Эдик решает обращаться со всей тройкой так, как Карл Густав Юнг со своим пациентом, который, возомнив себя посвящённым в высшее знание, пригласил психоаналитика полюбоваться на солнечный пенис. Юнг послушно подошёл к окну и стал смотреть на солнце. Шизофреник моргал, глядя на солнечный диск, покачивая головой, а потом спросил доктора, что тот видит. Юнг, искренне признавшись, что не видит ничего особенного, поинтересовался, что, собственно, он должен был увидеть. Больной бесконечно доверял психиатру, Юнг оказался единственным, кто внимательно выслушивал его откровения, а потому и на сей раз его удостоили снисходительного объяснения: когда посвящённый раскачивает головой, в такт его движениям на солнечном диске раскачивается пенис и дует ветер.

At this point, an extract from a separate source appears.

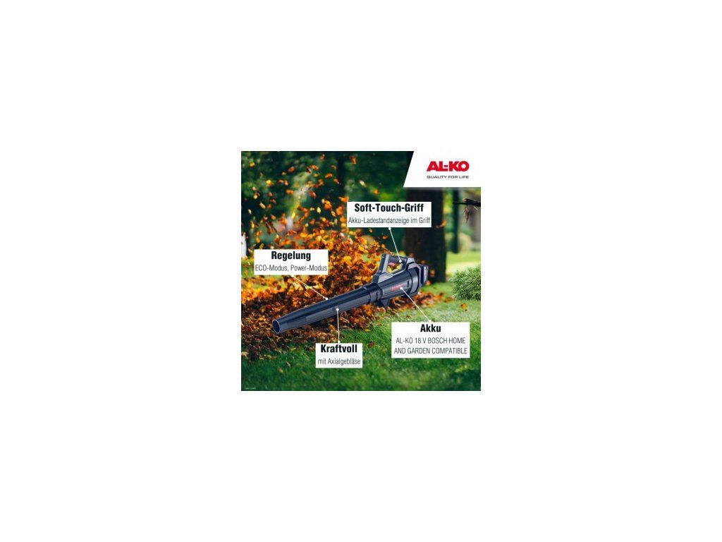 Akumulátorový fúkač lístia AL-KO LB 1860 - 18 V BOSCH HOME AND GARDEN COMPATIBLE Akumulátorový fúkač na lístie LB 1860 vám ponúka bezdrôtové, beznámahové a ekologické záhradnícke potešenie. Ľahké a praktické zariadenie umožňuje flexibilnú prácu bez ťažkopádneho napájacieho kábla, bez benzínu, a teda bez výfukových plynov. Vďaka prídavnej funkcii boost pre vyšší výkon môžete bez námahy odstraňovať suché lístie z rovných povrchov. Technické údaje akumulátorového fukára na lístie AL-KO LB 1860 Akumulátorový fúkač lístia AL-KO LB 1860 pracuje s rýchlosťou vzduchu až 165 km/h. Môžete si vybrať medzi úsporným režimom pre prácu šetriacu batériu a režimom Power pre extra výkon. Fúkač na lístie vám okrem iného ponúka vysokú úroveň komfortu vďaka pohodlnej rukoväti s mäkkým povrchom a praktickému zaveseniu na zadnej strane. Vďaka hmotnosti len 1,8 kg (bez batérie) je zaručená práca bez únavy. Výkonný axiálny ventilátor zaznamenáva objemový prietok 450 m³/h. S akumulátorom AL-KO 18 V BOSCH HOME AND GARDEN COMPATIBLE Li-Ion máte k dispozícii rôzne časy chodu a nabíjania, pretože si môžete vybrať zo štyroch rôznych veľkostí Ah. Môžete si vybrať medzi 2,5/4/5 a 6 Ah batériami. V závislosti od kapacity batérie je čas nabíjania prázdnej batérie 60 až 130 minút. Pre ešte rýchlejšie nabíjanie je možné použiť aj rýchlonabíjačku FC100 Li). Li-ion batéria je veľmi odolná, nenáročná na údržbu a ľahko a pohodlne sa nabíja bez samovybíjania alebo pamäťového efektu. Batéria a nabíjačka nie sú súčasťou balenia. S radom akumulátorov AL-KO 18 V Bosch Home & Garden Compatible ste vďaka nášmu početnému záhradnému náradiu dokonale vybavení na každé použitie. Okrem toho sú batérie a nabíjačky kompatibilné so všetkými nástrojmi rôznych výrobcov, ktoré pracujú s 18 V batériovým systémom Bosch Home and Garden. Kúpiť akumulátorový fúkač lístia AL-KO LB 1860 Akumulátorový fúkač na lístie AL-KO LB 1860 si môžete kúpiť priamo v našom internetovom obchode alebo u niektorého z našich špecializovaných predajcov. Je to ideálny partner pre ľahkú a praktickú prácu v záhrade.Dodatočné parametre

«Как знать, — усмехнулся Клаас. — Может, и я сделаю научное открытие? Обнаружу какой-нибудь очередной пенис!»
— Что бы ты не обнаруживал, ты найдешь лишь Бога
Эдик в ужасе оборачивается. Перед ним стоит небольшого роста человек в белом плаще с черным крестом на плече.
— Кто я? Ты ведь об этом хочешь спросить?
— Да. Кто ты?
— Я — богослов. Странник. Рыцарь. Я — твоя ипостась.
— Я наверное болен, в бреду… Да, да… Со мной давно происходит что-то странное…
— Со всеми происходит странное, ибо все мы суть странники. Пойми это и перестань удивляться. Ищи истину. Она во всём.
— Истину?
— Да, Истину. Познай истину и истина сделает тебя свободным. Свободным от страха, от скуки. Познай Истину и станешь свободным странником как я.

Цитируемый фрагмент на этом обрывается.